# My Quirky But Very Interesting CD Collection



## superhorn (Mar 23, 2010)

My CD collection is not your average one. It's not that big, and there are lots of great works I don't have.not because I don't love them , but because I heard these masterpieces zillions of times and there's so much intriguing stuff available that no one is very likely to ever hear love. 
I do have some standard repertoire, though.
But i've also got : symphonies by Franz Berwald, Hugo Alfven, Johan Svendsen, 
Hans Pfitzner, Erich Wolfgang Korngold, Albert Roussel, Nikolai Myaskovsky, Arnold Bax, Arthir Honegger,
Bohuslav Martinu, the only ones by Smetana and Respighi, Khatchaturian, Vasily Kallinikov,Franz Schmidt,
Mily Balakirev, Zdenek Fibich, Stefan Wolpe, Carl Maria von Weber , an early one by Richard Strauss, ones by Havergal Brian and Arthir Bliss (the "color symphony"), Hindemith,Rimsky-Korsakov, Sergei Liapunov,Michael Tippett,Giya Kancheli,Anton Rubinstein,
Carlos Chavez, Gheorghe Enescu, Alexander Glazunov, Reinhold Gliere (the two early ones and the Ilya Murometz), John Alden Carpenter, George Rochberg, Ned Rorem,
Paul Creston, Walter Piston, Karopl Szymanowski ,Christopher Rouse, Max Bruchetc.
Other orchestral and choral works: Dvorak's Slavonic Rhapsodies(not to be confused with the familiar Slavonic dances), tone poems the Golden Spinning Wheel,the Wood Dove, Miidday Witch and the Watersprite, Smetana's "Macbeth and the Witches", Wallenstein's Camp, Richard 111, Dvorak's Hussite overture, Martinu's oboe concerto,. The Legend of Joseph ballet by Richared Strauss, Nielsen's complete incidental music to the play Aladdin, Prokofiev's Cantata on the 20th anniversary of the Russian revolution , Vaughan Williams "Job", Szymanowski's "Harnasie" ballet ,
Myaskovsky's cello concerto, the cantata "The Storm by Vitezslav Novak,the Bruch
oratiorio "Song of the Bell", Michael Tippett's oratorio "The Mask of Time, plus his piano concerto,
"The Spectre's Bride oratorio by Dvorak, The ballet "The Demon:" by Hindemith,
The Danube by Janacek (finished by others), his tone poems "The Fiddler's Child",
and Blanik, etc.
Chamber: Nielsen's string quartets, several by Myaskovsky, assorted chamber works by Martinu, Berwald's "Great" septet, Louis Spohr's octet, Enescu's nonet.etc

Operas : Richard Strauss : Intermezzo.

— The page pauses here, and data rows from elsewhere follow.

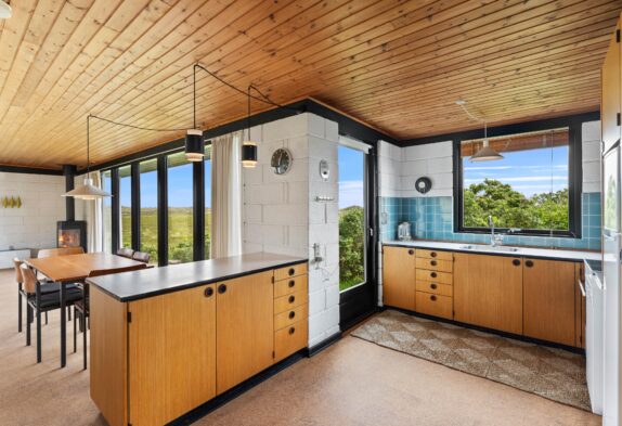 Das 93m² große und im Jahr 2018 im Stil der 70’er Jahre renovierte Ferienhaus lädt mit seinem großen kombinierten Wohnraum zum entspannten Urlaub ein. Die Küche bietet sowohl mit Geschirrspüler als praktischen Alltagshelfer, als auch mit viel Stauraum und großen Küchenoberflächen viel Platz, um mit der ganzen Familie das Essen zuzubereiten. Der große Kühlschrank mit 169L und dem Gefrierfach mit 37L bieten ausreichend Platz, so dass der Koch des Urlaubs leckere Speisen kreiren kann.
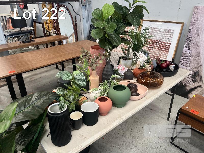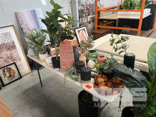CONTENTS OF TABLE, LARGE QUANTITY HOME DECORATIONS, POTS, BOOKS, FRAMES, ARTIFICIAL PLANTS ETC.
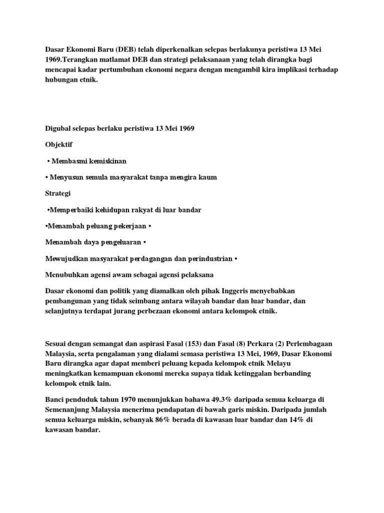 4 isi x 2 markah 8 markah halaman 10 daripada 12. Ini menyebabkan ketidakseimbangan pendapatan yang menimbulkan rasa cemburu antara kaum. Matlamat utama dasar ini diperkenalkan ialah bagi mewujudkan perpaduan negara dengan mengurangkan perbezaan ekonomi sosial kebudayaan penempatan dan sebagainya. Pelan tersebut dikenali sebagai dasar ekonomi baru deb yang telah diperkenalkan oleh yang amat berhormat tun abdul razak semasa pentadbiran beliau sebagai perdana menteri malaysia yang kedua pada 1970.

The Love of Danae, Freidenstag,(day of freedom), The Egyptian Helen, Smetana, The Kiss, The Devil's Wall, Libuse )(Li-boo-sheh), Dvorak: The Devil and Kate, Armida, Gluck, Armide, Alfredo Catalani,La Wally,
Eugene D'Albert, Tiefland (lowland), Ernst Krenek Jonny Spielt Auf (Jonny strikes up).
Heinrich Marscher ,The Vampire., Albert Roussel Padmavati, Nielsen, Saul and David,
Walter Braunfels ,The Birds, Pavel Haas, The Charlatan, Franz Schreker Der Ferne Klang(the distant sound), Franz Schmidt ,Notre Dame, Enescu ,Oedipe (Oedipus),
Peter Cornelius ,The Barber of Bagdad, Busoni, Doktor Faust and Arlecchino,
Rossini (Il Signor Brischino , Riccardo Zandonai ,Francesca Da Rimini,
Tchaikovsky, Mazeppa, Rimsky-Korsakov ,The legend opf the Invisible City of Kitezh,
Kashchei the immortal, Sadko, The Maid of Pskov, Prokofiev, The Fiery Angel, 
Semyon Kotko, The Gambler, Tippett, The Ice Break, Zemlinsky ,A Florentine Tragedy,
Handel, Rccaredo Primo. Anton Rubinstein, The Demon.
And there a lot more of interest. Nobody could ever accuse me of having an uninteresting CD collection !


----------



## gridweb (Jun 19, 2011)

Thanks for sharing this.
But er... what are you trying to say?

Best,
Willem


----------



## regressivetransphobe (May 16, 2011)

Clearly there's only one purpose this thread serves:

give me some.


----------



## Polednice (Sep 13, 2009)

regressivetransphobe said:


> Clearly there's only one purpose this thread serves:
> 
> give me some.


But who is giving how much of what and to whom?


----------



## violadude (May 2, 2011)

Give me some attention?


----------



## Serge (Mar 25, 2010)

A great collection, superhorn! ‘Cos internet can expend anyone’s horizon these days almost indefinitely…


----------



## science (Oct 14, 2010)

About 3 years ago I had a quirky CD collection, but then I decided I wanted to hear the "great recordings" and know all the most famous works. Most of the recordings I've got since then are, in a friend's sarcastic phrase, "the titans of early stereo."


----------